All us Taquitz boys could owe him a debt.

I intentionally left him out because I know so little.
A couple months ago, someone posted some de-luxe shots of Powell and his boys doing stuff at Taquitz. I did not bookmark it. 'Might have been BVB. Ya, let's get into that. Help please, super-archivo-taco-posters.
(I too am drawn to the rough hewn and elemental histories and the attendant routes).


Back to Vern taking whippers.

Roger,
As you and many others who are following along know, the whole 70's thing of climbing on Hexes and Stoppers was quite an artful and testy thing to be doing. Those photos that Peter Haan posted recently showing Chris Vandiver at the base of Short but Thin and Cramming, that was a nice representation of the common rack of the times.

I learned on that stuff, but I probably never climbed parallel 5.11 on nuts. Yabo made a characteristic statement:
"Leading 5.11 crack on hexes was often a life or death proposition".

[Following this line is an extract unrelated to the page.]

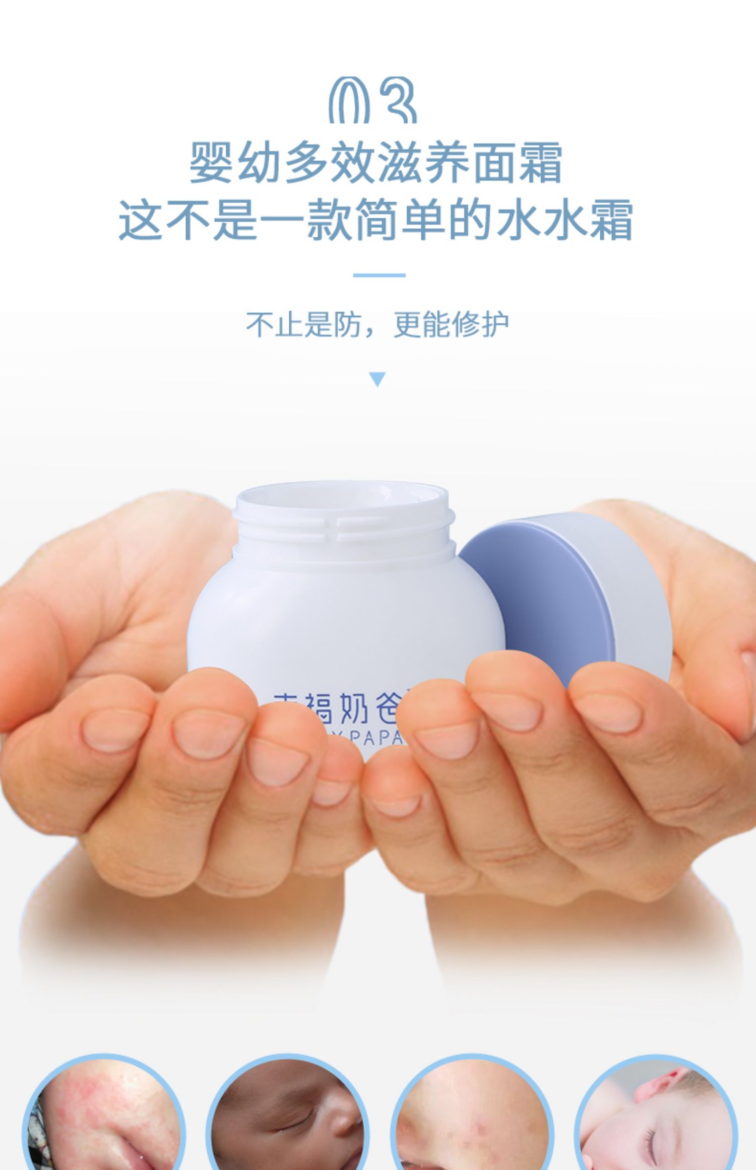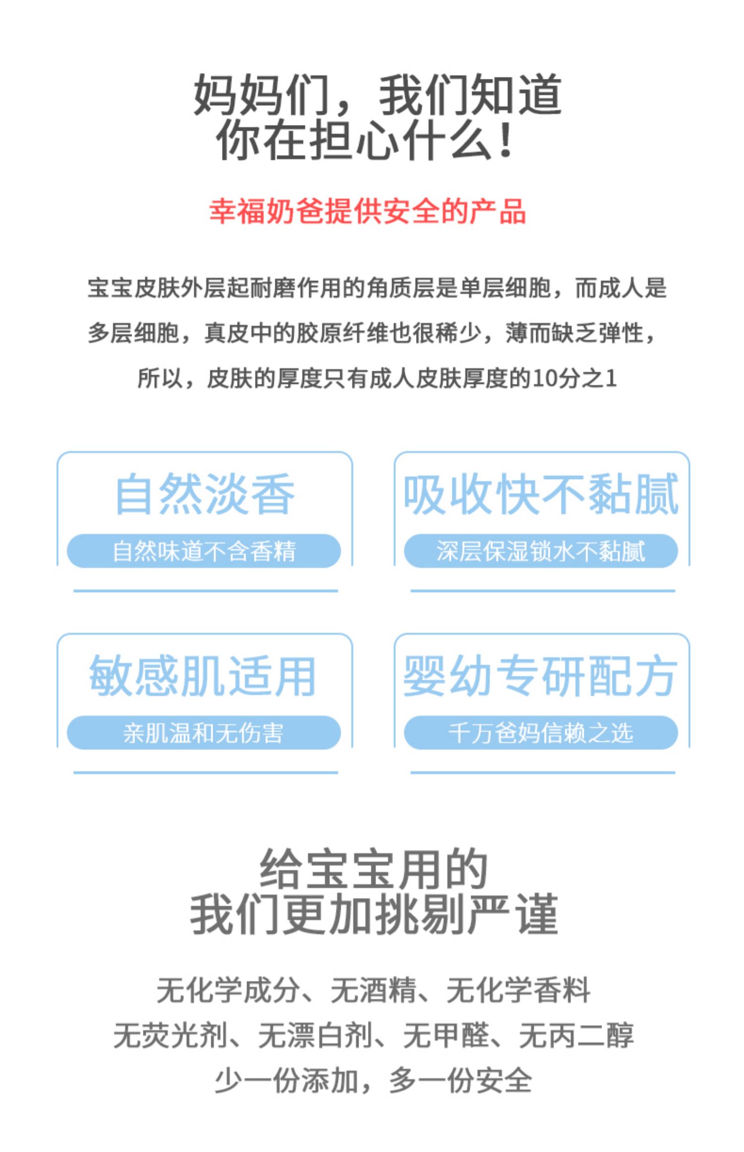 幸福奶爸宝宝山茶油、芦荟油、绵羊油、马油保湿面霜四种规格可选,解决让妈妈头疼的干燥、脱皮红点痕痒湿疹奶癣口水疹、尿布疹、红屁屁、蚊虫叮咬的难题~多效保护,强健宝宝的皮脂膜!

He said when Kauk was working on Tales of Power, Ron would give him a single #5 hex and let him pump it up a ways only to freak and be lowered (having gotten' in a high piece).

Mark Chapman sort of agreed; at least he was astute and perhaps proud to say that with that kind of gear you were not allowed to get pumped. So he got into the idea (as a lot of us have), that you should put two pieces in and run it out through the crux and not allow yourself to get pumped.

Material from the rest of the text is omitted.